◆ Problem details
A word-for-word copy of the listing, free of images, is the expected answer.

◆ Available data
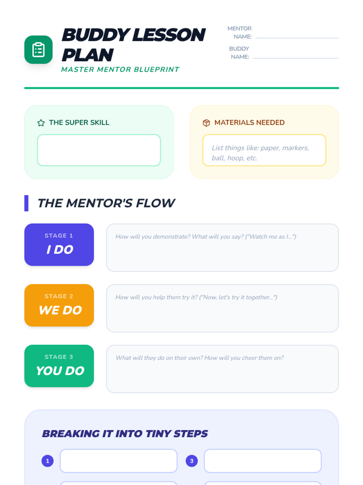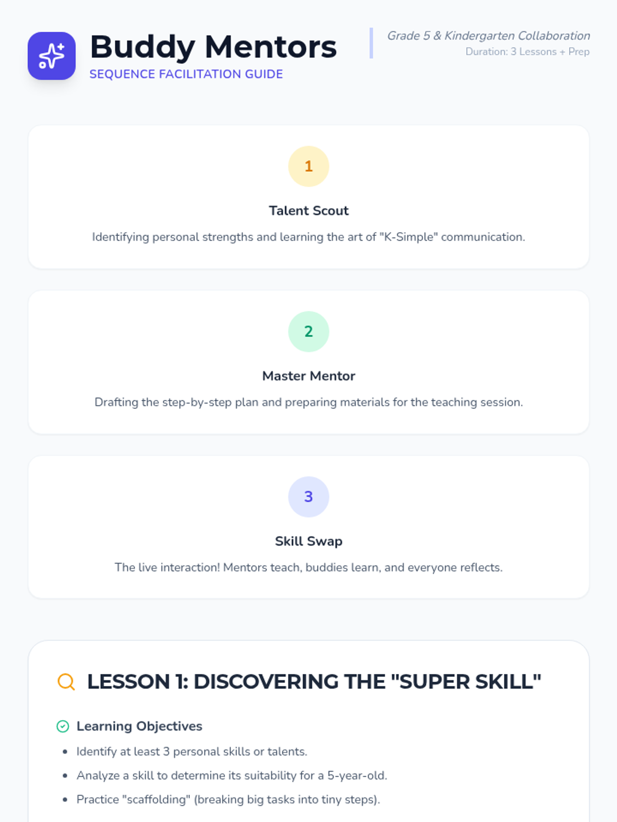 A three-part sequence where Grade 5 students prepare for and then execute a peer-mentoring session with their Kindergarten buddies, focusing on teaching a personal skill or talent.
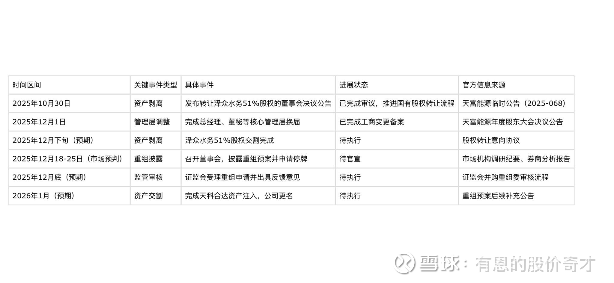 ◦ 天科合达的审计、评估工作已收尾,重组草案由券商内部定稿,且天富能源在12月1日完成了总经理、董秘等核心管理层调整,为重组扫清合规障碍。
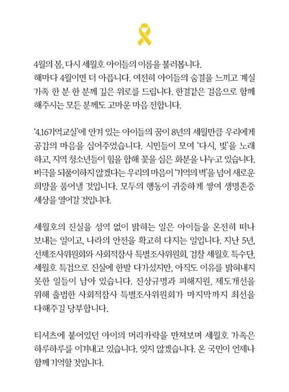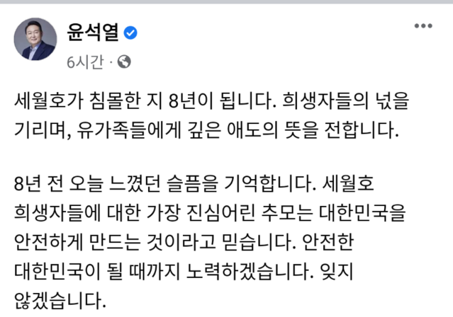 윤석열 당선인 역시 자신의 페이스북을 통해 "세월호 희생자들에 대한 가장 진심어린 추모는 대한민국을 안전하게 만드는 것이라고 믿습니다"라고 말하며 희생자들의 넋을 기리고 유가족들에게 깊은 애도의 뜻을 전했습니다. 대한민국은 좌우와 진영을 가릴 것 없이 세월호 참사의 진상을 규명해야 합니다.

◆ Expected answer
 A three-part sequence where Grade 5 students prepare for and then execute a peer-mentoring session with their Kindergarten buddies, focusing on teaching a personal skill or talent.
 ◦ 天科合达的审计、评估工作已收尾,重组草案由券商内部定稿,且天富能源在12月1日完成了总经理、董秘等核心管理层调整,为重组扫清合规障碍。
 윤석열 당선인 역시 자신의 페이스북을 통해 "세월호 희생자들에 대한 가장 진심어린 추모는 대한민국을 안전하게 만드는 것이라고 믿습니다"라고 말하며 희생자들의 넋을 기리고 유가족들에게 깊은 애도의 뜻을 전했습니다. 대한민국은 좌우와 진영을 가릴 것 없이 세월호 참사의 진상을 규명해야 합니다.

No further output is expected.